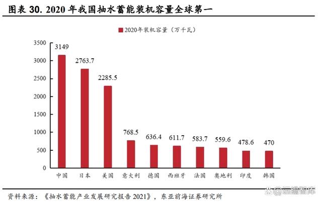 2020 年,我国传统的抽水蓄能装机容量全球第一。
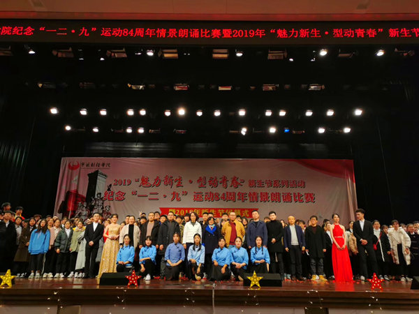 随着本次纪念“一二·九”运动84周年情景朗诵比赛的结束,我校2019年“魅力新生·型动青春”新生节活动也正式划上圆满的句号。与会领导为本届新生节活动相关获奖单位颁发了奖牌。
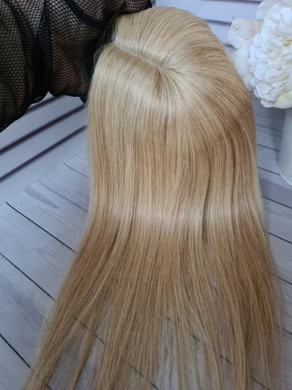 Накладка на макушку из натуральных человеческих волос на пробор с имитацией кожи головы.Накладочка очень хорошей длинны плотности и красивого цвета как теплый блонд.По пробору выполнена имитация кожи головы ручной работы.Волосы мягкие рассыпчатые ровной структуры Новая и можно на подарок.Кто купит будет очень доволен покупкой.
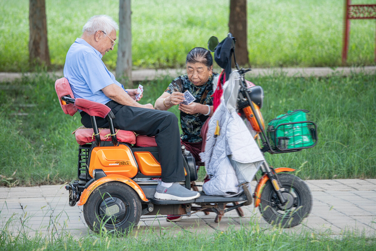 2025年8月31日,德州市锦绣川风景区,两位老人在三轮车上打扑克。
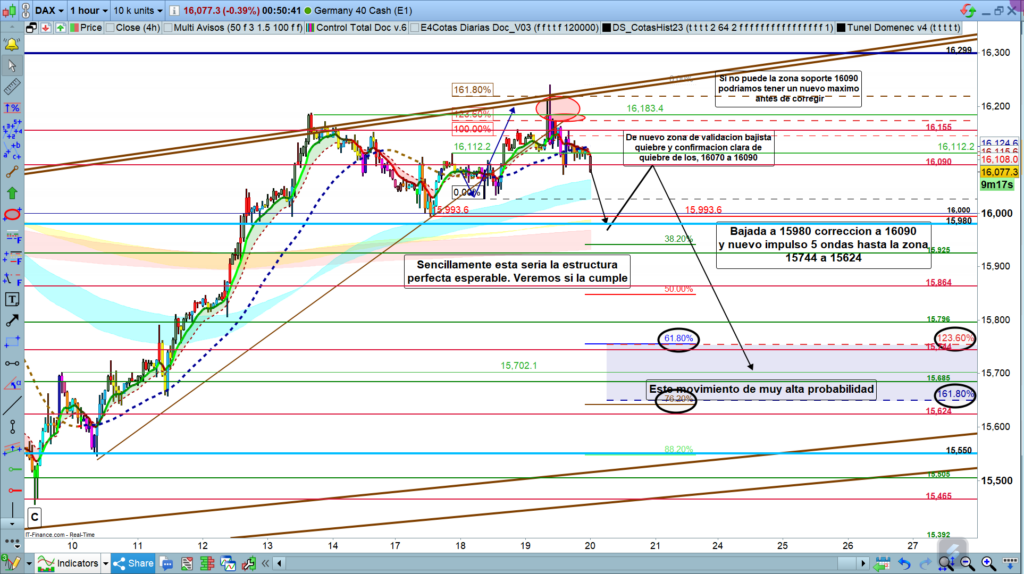 En gráfico de una hora del Dax40, Como vemos como la estructura en curso parece hasta demasiado evidente, sólo necesitamos la validación con un quiebre y confirmación de quiebre de la zona de los, 16090 a 16060, si este se produce, entonces las probabilidades de que el precio cumpla la estructura dibujada serán muy altas.
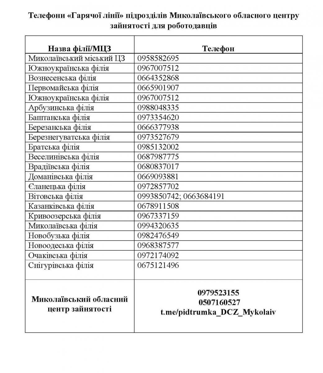 За детальною інформацією звертайтесь до фахівців служби зайнятості за контактами «гарячої» лінії Миколаївського ОЦЗ або пишіть в Телеграм підтримку .
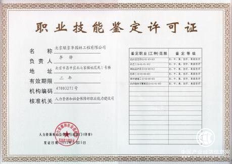 早在2012年绿京华便获得了职业技能鉴定资格,绿京华职业技能培训鉴定站是经中华人民共和国人力资源和社会保障部授权许可的专业培训鉴定机构,负责园林行业职工职业技能培训鉴定工作,并提供职业技能培训和技能鉴定咨询服务。鉴定站拥有一批业务精通、技术过硬、职业道德优良的考评员和培训师资队伍,督导员、考评员和讲师均是园林、草业、花卉园艺专业的知名专家,具有丰富的理论知识和实践经验,不仅为学员提供一流的技能培训工作,并且在农业农村部的指导和监督下,顺利完成了草坪建植工、草坪管护工、草坪检测工、绿化工、育苗工、花卉工等工种五个等级的培训鉴定(初级工、中级工、高级工、技师和高级技师)工作。学员经理论和实际操作考核合格后,可取得中华人民共和国人力资源和社会保障部颁发的职业资格证书,累计参加培训评价达到1.07万人次。
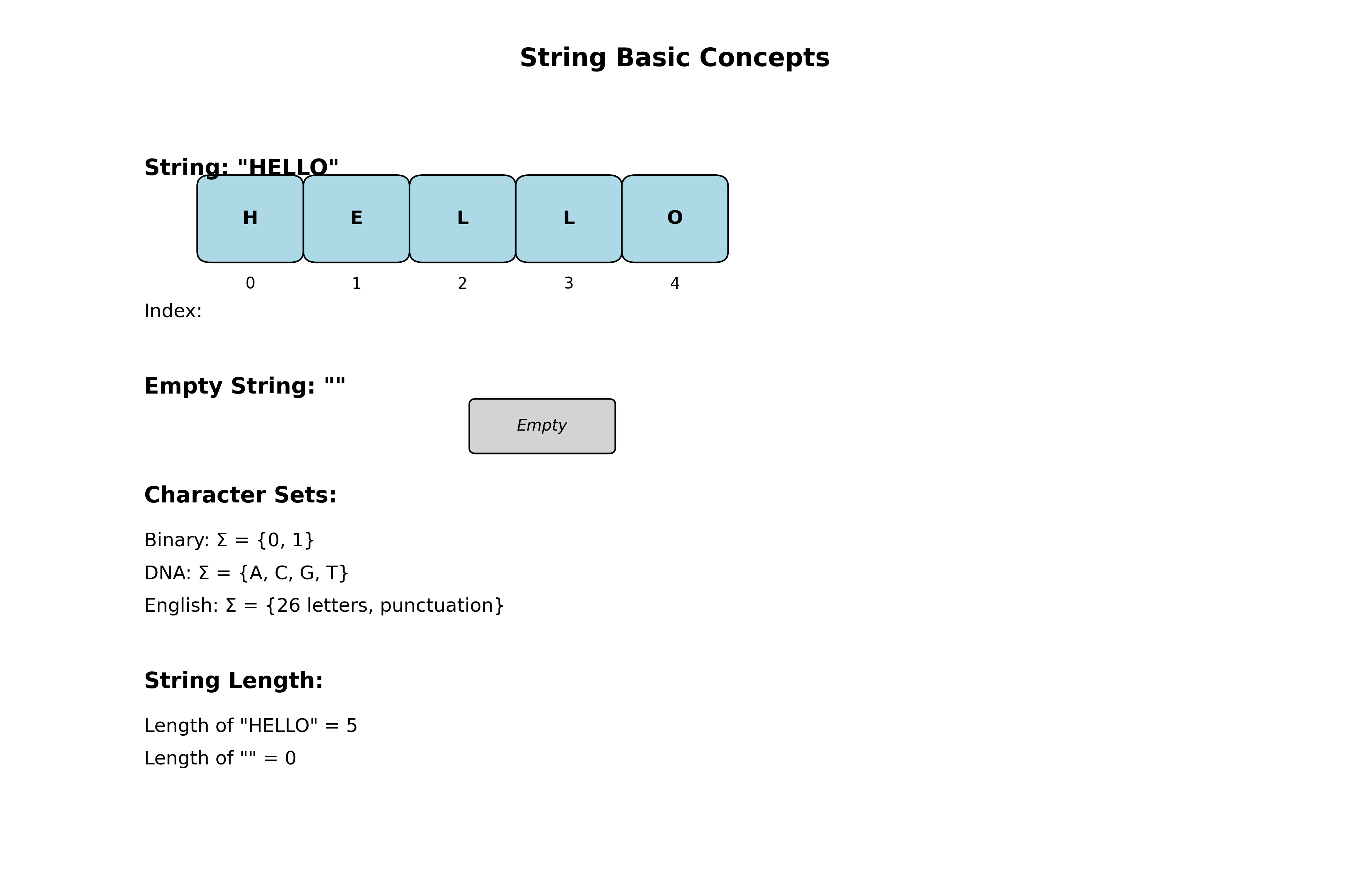 - 字符串(String):由0或多个字符顺序排列所组成的有限序列,简称”串”

───

Leaving the pictures aside, transcribe only the lines from the one containing "За детальною інформацією" to the final line of the listing above, inclusive, exactly as they appear.

 За детальною інформацією звертайтесь до фахівців служби зайнятості за контактами «гарячої» лінії Миколаївського ОЦЗ або пишіть в Телеграм підтримку .
 早在2012年绿京华便获得了职业技能鉴定资格,绿京华职业技能培训鉴定站是经中华人民共和国人力资源和社会保障部授权许可的专业培训鉴定机构,负责园林行业职工职业技能培训鉴定工作,并提供职业技能培训和技能鉴定咨询服务。鉴定站拥有一批业务精通、技术过硬、职业道德优良的考评员和培训师资队伍,督导员、考评员和讲师均是园林、草业、花卉园艺专业的知名专家,具有丰富的理论知识和实践经验,不仅为学员提供一流的技能培训工作,并且在农业农村部的指导和监督下,顺利完成了草坪建植工、草坪管护工、草坪检测工、绿化工、育苗工、花卉工等工种五个等级的培训鉴定(初级工、中级工、高级工、技师和高级技师)工作。学员经理论和实际操作考核合格后,可取得中华人民共和国人力资源和社会保障部颁发的职业资格证书,累计参加培训评价达到1.07万人次。
 - 字符串(String):由0或多个字符顺序排列所组成的有限序列,简称”串”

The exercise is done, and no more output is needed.